Most challenging parameters I care about (please reference these names in your reply):

LTE (challenging / scientific names)

• prach-ConfigIndex
• prach-FreqOffset
• rootSequenceIndex
• preambleTransMax (PreambleTransMax)
• powerRampingStep
• preambleInitialReceivedTargetPower
• zeroCorrelationZoneConfig (ZCZ configuration)
• cellReselectionOffset, qRxLevMinOffset, cellReselectionPriority, trackingAreaCode (TAC), timingAdvance (TA)

UMTS (challenging / scientific names)

• RACH parameters in SIBs: preamble offset, maximum transmissions, max power, accessBurst settings
• UARFCN, psc, RSCP, EcNo, timingAdvance, cellReselectionOffsets / Qoffset

GSM (challenging / scientific names)

• BCCH-derived fields: ARFCN, BSIC, RxLev/RxQual, Timing Advance, cell reselection offsets (Temporary Offset / Qoffset)
• GSM RACH related CCCH/PCCCH fields (access parameters / maximum transmit power / access class controls)

---

What I tried (short):

• I can already parse AT+QENG="servingcell" and AT+QENG="neighbourcell" from EC25 and I know which fields are passive vs active in my table. Those AT outputs do not include PRACH/offsets I need.
• I can open a DIAG port on rooted Qualcomm phones and can capture using QCSuper / scat, but I don’t have QXDM and want to automate DIAG→RRC parsing (open-source tools only).
• I prefer not to use SDR/USRP in this project — the goal is an EC25/DIAG-based solution, if possible.

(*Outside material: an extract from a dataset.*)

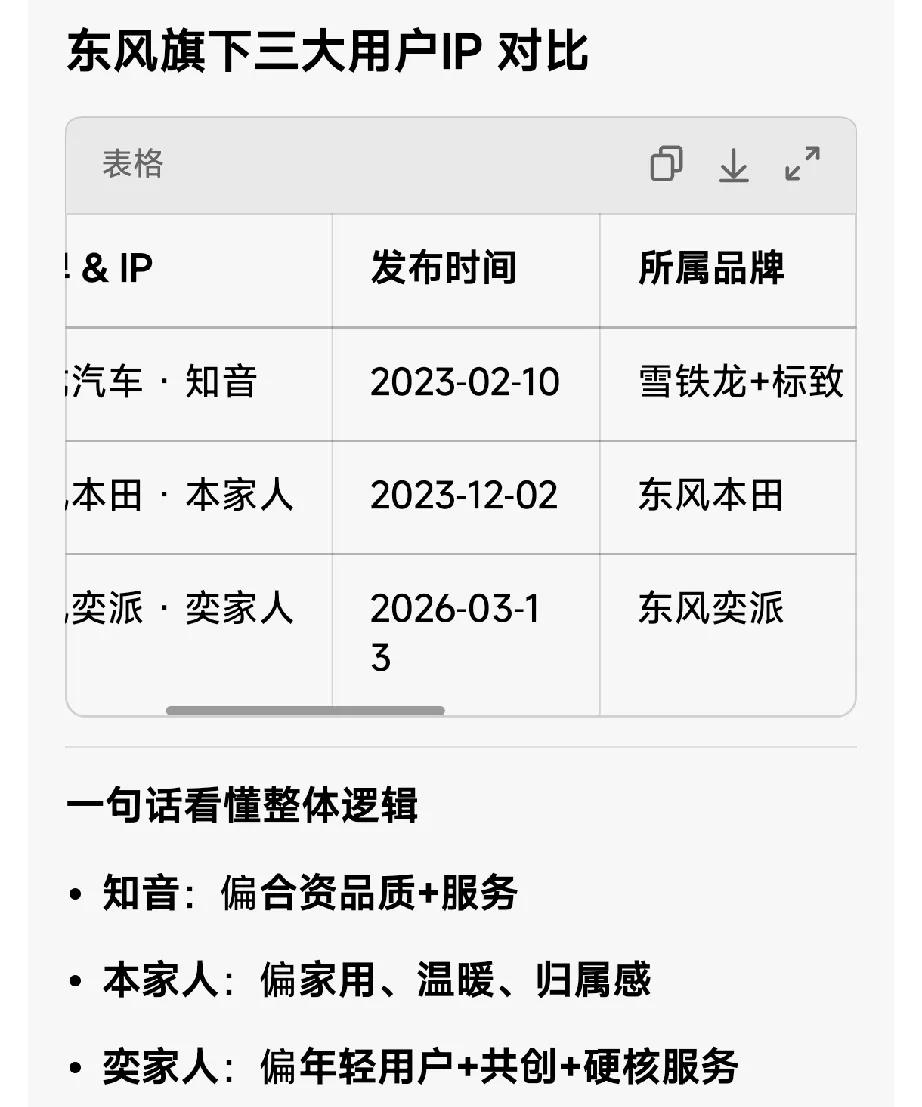 2026-03-14,东风奕派在贵州凯里千户苗寨发布「奕家人」用户IP,是东风继神龙「知音」、东风本田「本家人」后的第三个用户IP,主打用户共创+五大服务承诺 。 - 现场三车共创 - 奕派008上新(极光红+春野套装) - 奕派007闪现版(性能共创) - 纳米01 Cross(潮流共创) - 东风用户IP矩阵 - 神龙汽车:2023-02-10「知音」 - 东风本田:2023-12-02「本家人」 - 东风奕派:2026-03-14「奕家人」 图一为东风公司即将改变后的架构图。

What I can attach / share on request:

• Raw AT+QENG outputs from EC25 (servingcell + neighbourcell).
• Sample DIAG hex/text dumps from a Qualcomm device (I can paste one or two small captures).
• EC25 firmware/modem model strings (firmware version, PID/VID) on request.

---

Concrete asks (please answer any you can):

• Which exact DIAG subsystem IDs / message types should I capture and parse to find raw RRC/SIB payloads (or LTE-RRC PDUs)? Any annotated DIAG dump would be ideal.
• If EC25 supports raw SIB extraction, which AT/QMI or debug endpoints should I call (firmware-specific examples appreciated)?
• If you have code snippets or tools (Python/C) that parse DIAG→RRC OTA blobs or that decode SIB2→PRACH fields, please share or point me to repos/docs.

Thank you — very concrete, low-level replies (DIAG byte layout, sample hex blob + annotation, short parser snippets) are most helpful.